Methane is a greenhouse gas far more potent than carbon dioxide and water. What happens if most of the methane in a planet’s atmosphere is lost? In Earth’s case, the planet froze over for up to 400 million years. It was only continued volcanic activity, spewing more methane and other greenhouse gases into the atmosphere, that allowed Earth to heat up again enough for the global ice cover to at least partially melt.

Without unglaciated land to colonize, intelligence wouldn’t have appeared on Earth. (Even if dolphins and whales are intelligent, they are mammals adapted to return from land to the sea).

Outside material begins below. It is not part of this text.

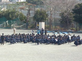 本日の訓練は、事前の連絡をしない状況で、強い地震が起きた場合を想定した内容でした。地震発生時にいち早く身の安全を確保するための「シェイクアウト訓練」を兼ねて行い、「安全行動の1(ドロップ:姿勢を低く)−2(カバー:体・頭を守って)−3(ホールド・オン:揺れが収まるまでじっとして)」を確認しました。生徒たちは、放送の指示をよく聞き、これまでに身に付けた避難に関する行動様式をしっかり理解しながら訓練に臨みました。

So with little or no volcanic activity, a planet after the evolution of oxygenic photosynthesis could freeze over and remain frozen for billions of years, i.e., until its primary star leaves the main sequence. On average, planets smaller than Earth would be more likely to have cold cores and little or no volcanic activity. Let’s say a third of all planets would be too small to have significant volcanic activity, and thus, couldn’t recover from a freeze over. That drops f_i to 0.22.

* “Without photosynthesis, no free oxygen; without free oxygen, no intelligence” also means that intelligent life could not evolve in an atmosphere without sunlight, because photosynthesis would never arise. Good-bye, intelligent Europans, in your ocean encased by 15 miles of ice. If about a third of all planets on which life arises are moons of gas giants, f_i is now 0.15.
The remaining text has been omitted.